◆ Task directions: Could you give back exactly the lines below from the one with "环卫科技网讯,上海市绿化市容" through the one with "DIOR by JOHN", without a single picture?

※

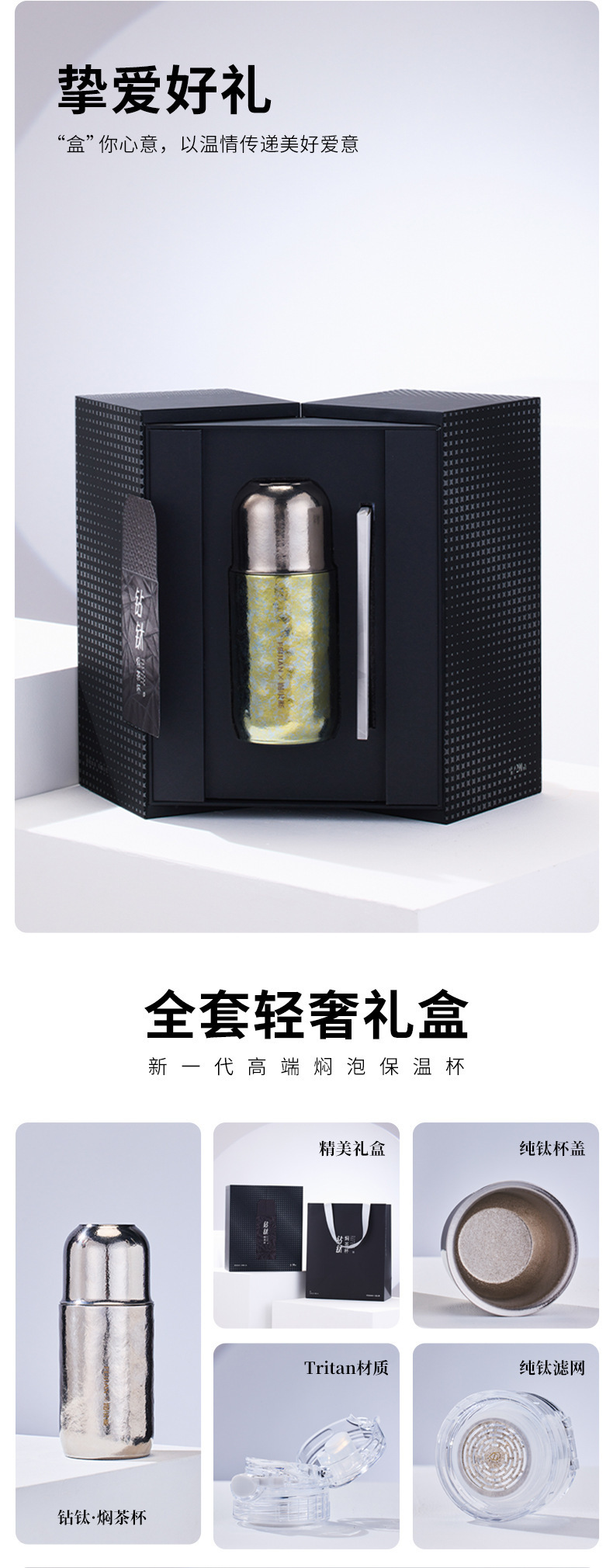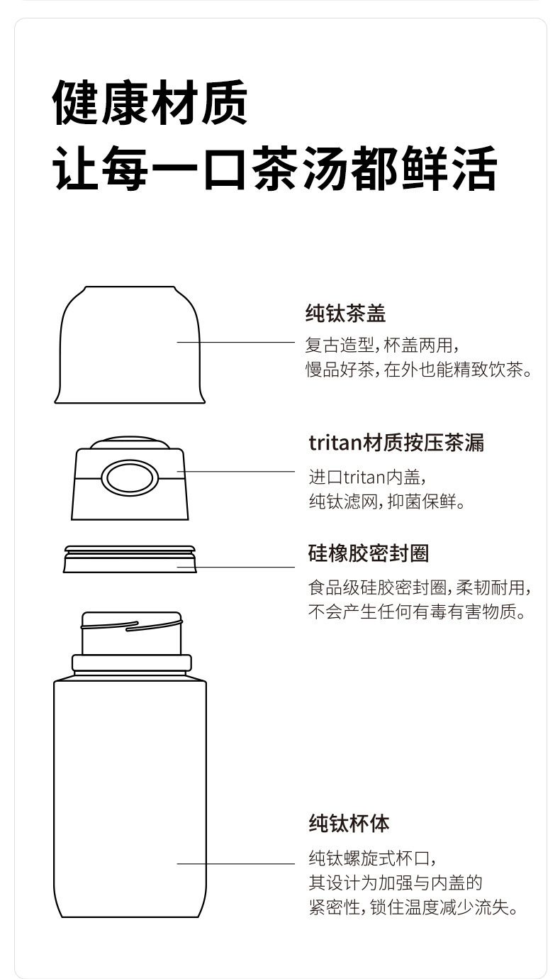 茗元素純鈦保溫杯雙層鈦燜茶杯可攜式彈跳蓋燜泡養生杯鈦晶喝水高檔
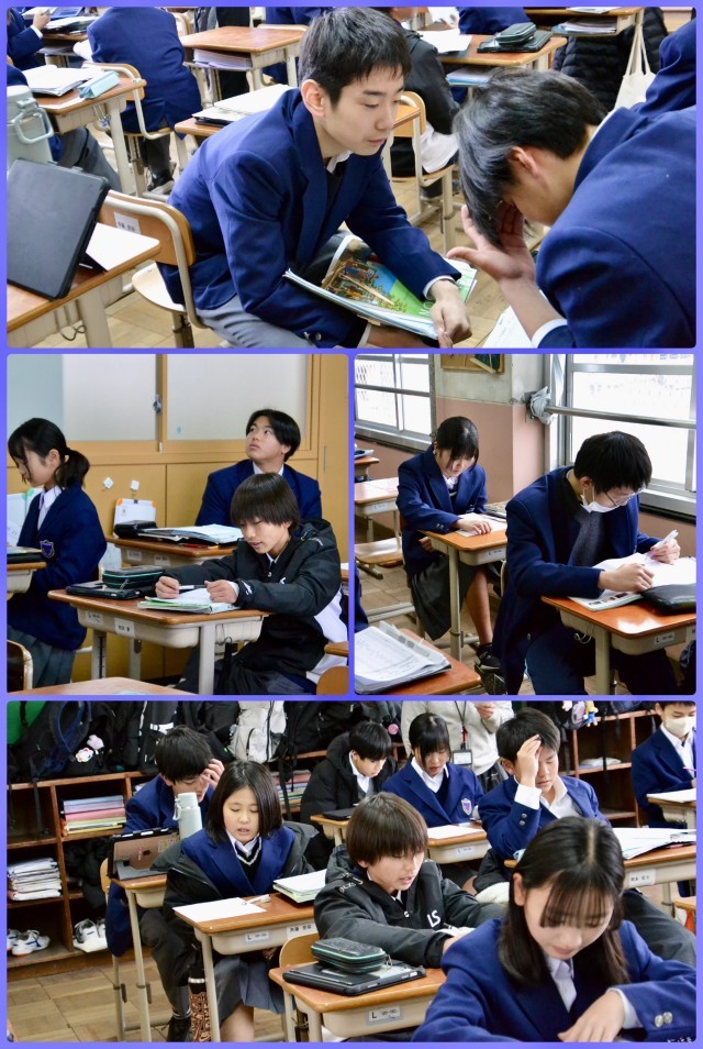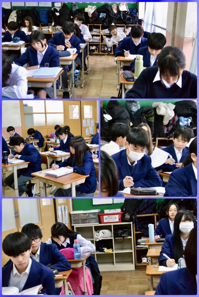 1-2は英語、1-3は数学の時間です。英語は動詞の過去形を何度も口に出し練習をしていました。数学は平面の図形を回転させてできる立体の体積について学習がされていました。今日の寒さに、ヒーターも頑張って仕事をしてはいるものの、やはり教室は肌寒く感じました。しかし、みんなそんなそぶりも見せず、しっかり学習に取り組んでいましたね。すばらしい!
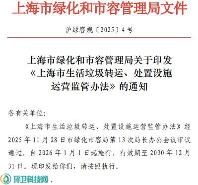 环卫科技网讯,上海市绿化市容局近日印发《上海市生活垃圾转运、处置设施运营监管办法》(沪绿容规〔2025〕4号),《监管办法》将自2026年1月1日起施行,有效期至2030年12月31日。
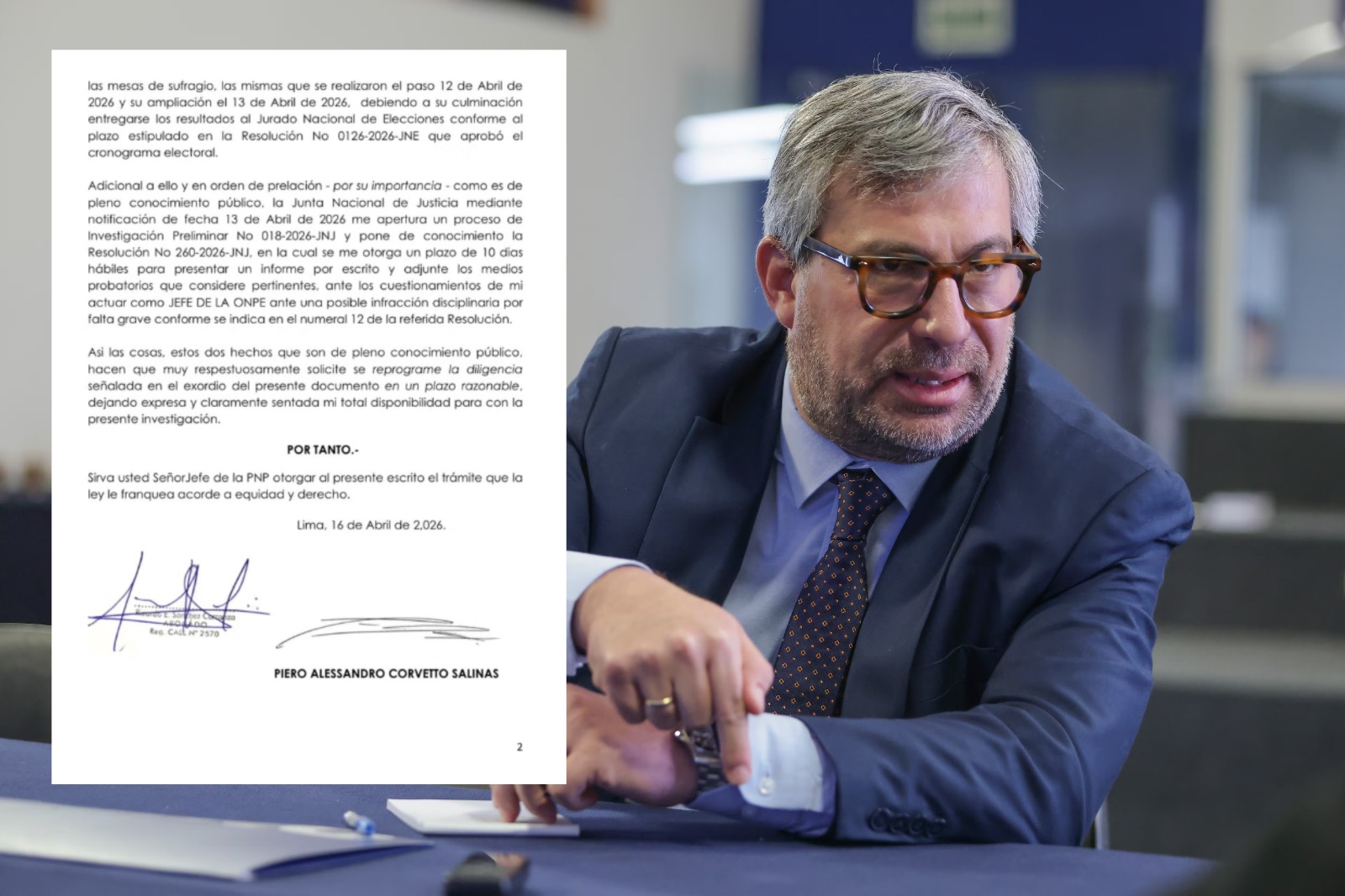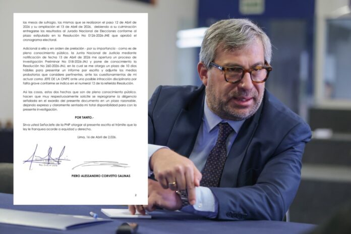 En el documento, Corvetto pide que cita para rendir declaraciones sea postergada y que se desarrolle de manera virtual; sin embargo, menciona su total predisposición para colaborar con la investigación sobre irregularidades detectadas en los comicios del domingo 12 de abril.
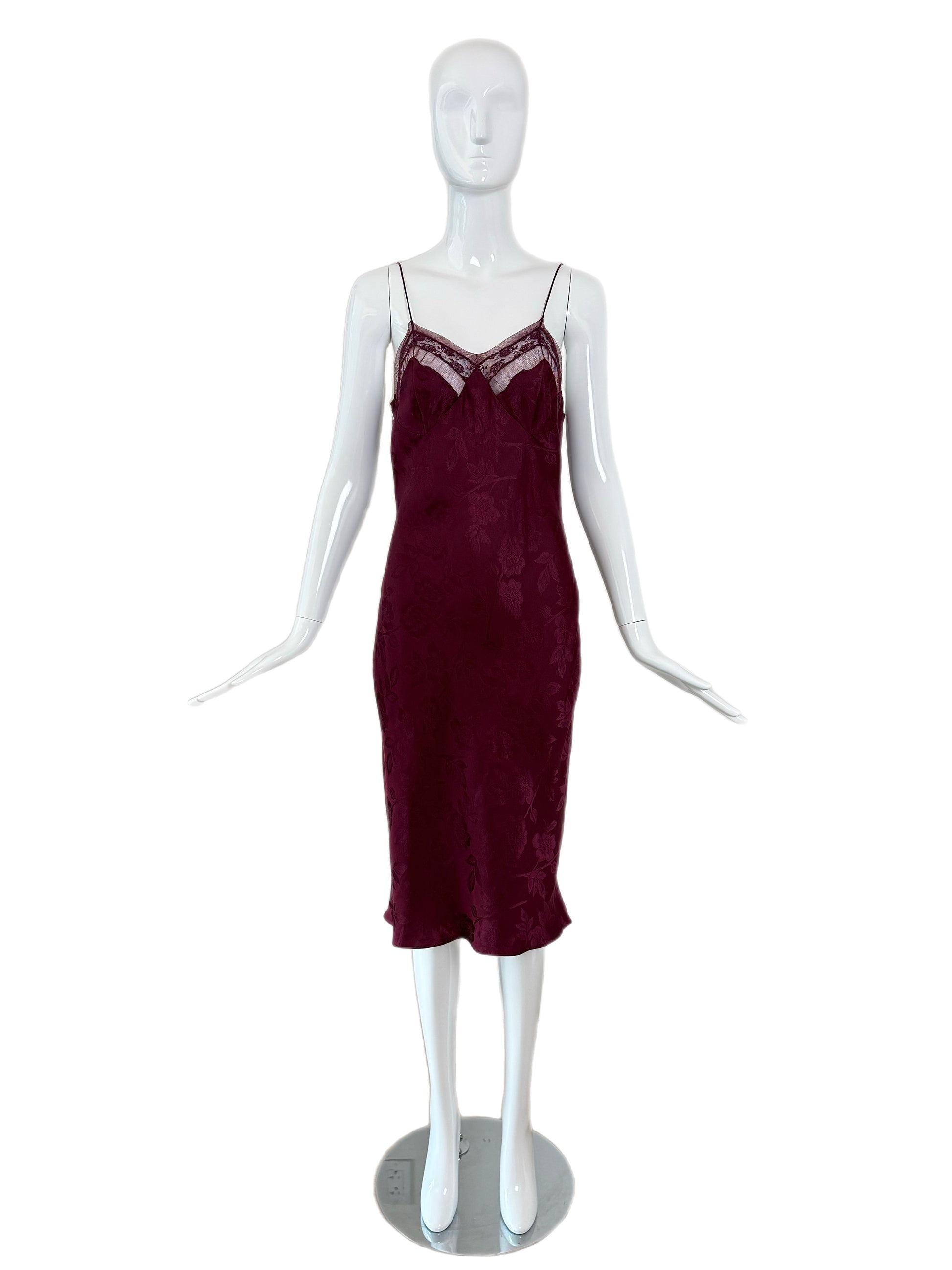 DIOR by JOHN GALLIANO 2005 Vintage Silk Burgundy Floral Print Midi Dress
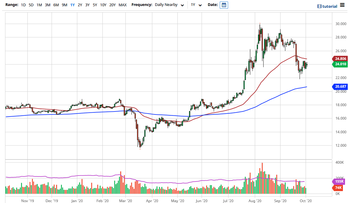At this point in time, it is likely that the $20 level will determine whether or not we are still in an uptrend. We could have a pullback all the way to that level and still be very strong over the long term because we had gotten far ahead of ourselves. The biggest problem with silver is that it is not as much of a safety trade as gold is, because silver has that major industrial component that core would suffer in the current environment. With that being the case, I think that it is only a matter of time before we see some type of bigger move, and I recognize that if we were to close above the 50 day EMA on the daily chart then it is likely that we could go looking towards the $27 level. I do not expect that to happen, but I have to keep my mind open to both potential moves, but at this point, the thing that I would stress is that I am not looking to short the market. Instead, I am looking to find value at lower levels because I believe in the long-term efficacy of an uptrend when it comes to precious metals in general.
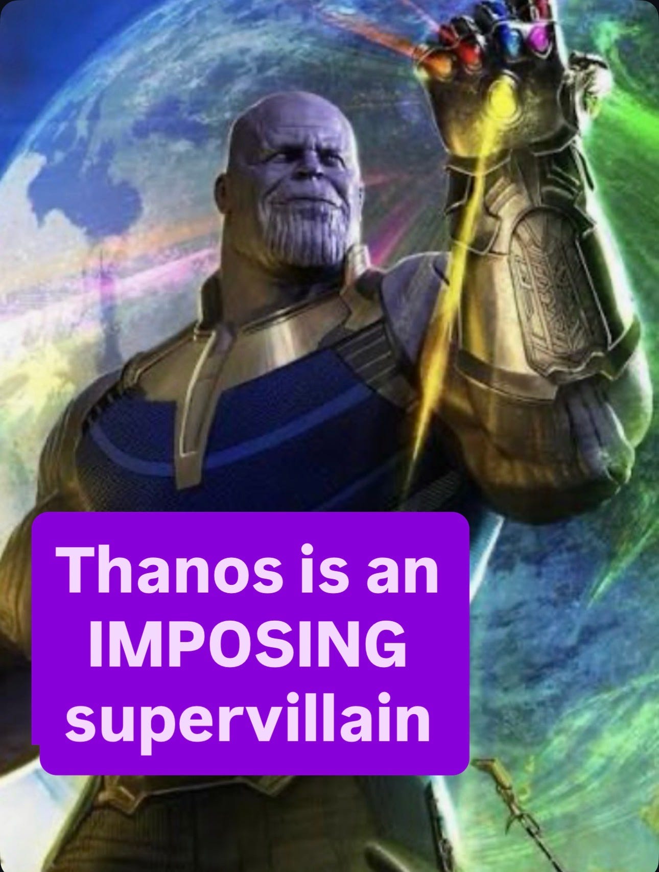 In the Avengers: Endgame, the Avengers must find a way to defeat Thanos. Known as the “Mad Titan,” Thanos presents a particularly IMPOSING physical presence. Standing over 8 feet tall, he towers above his human rivals. His powerful muscles, impenetrable armor, and purple-hued skin contribute to his IMPOSING and fearsome appearance.
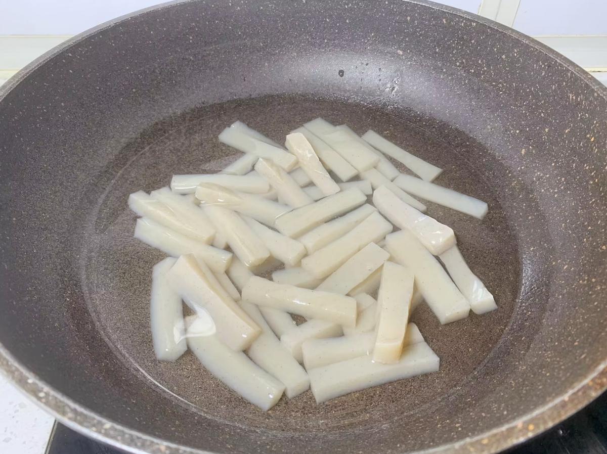 2、切魔芋豆腐要切的厚一點,燜時間長一些,口感更軟糯入味,超好喫。
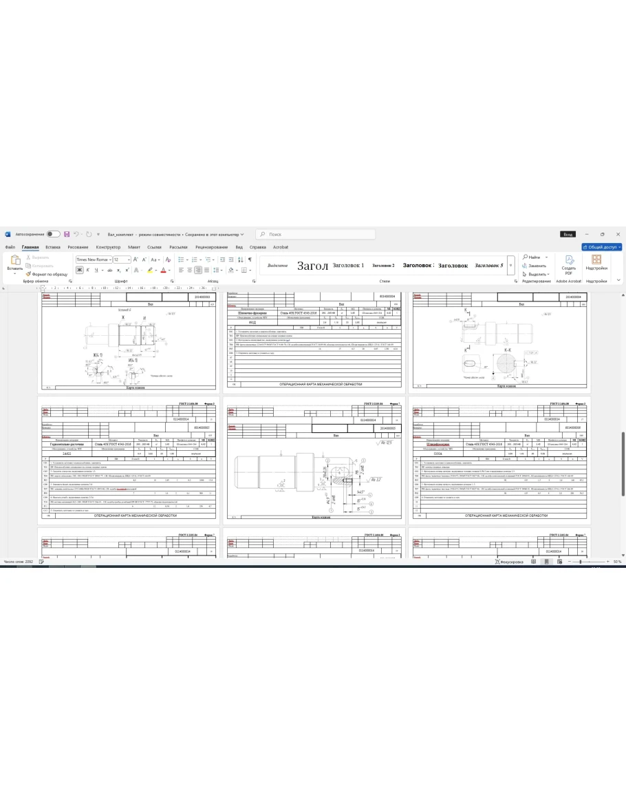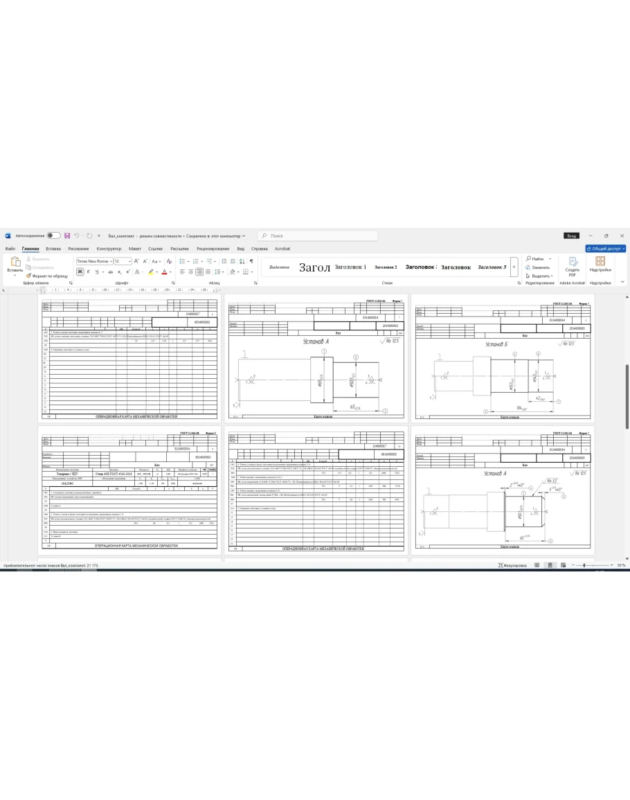 Маршрутные, операционные, карты эскизов на изготовление детали вал в программе Word. Также приложен рабочий чертеж детали вал в компасе

※

◆ Output below:
 环卫科技网讯,上海市绿化市容局近日印发《上海市生活垃圾转运、处置设施运营监管办法》(沪绿容规〔2025〕4号),《监管办法》将自2026年1月1日起施行,有效期至2030年12月31日。
 En el documento, Corvetto pide que cita para rendir declaraciones sea postergada y que se desarrolle de manera virtual; sin embargo, menciona su total predisposición para colaborar con la investigación sobre irregularidades detectadas en los comicios del domingo 12 de abril.
 DIOR by JOHN GALLIANO 2005 Vintage Silk Burgundy Floral Print Midi Dress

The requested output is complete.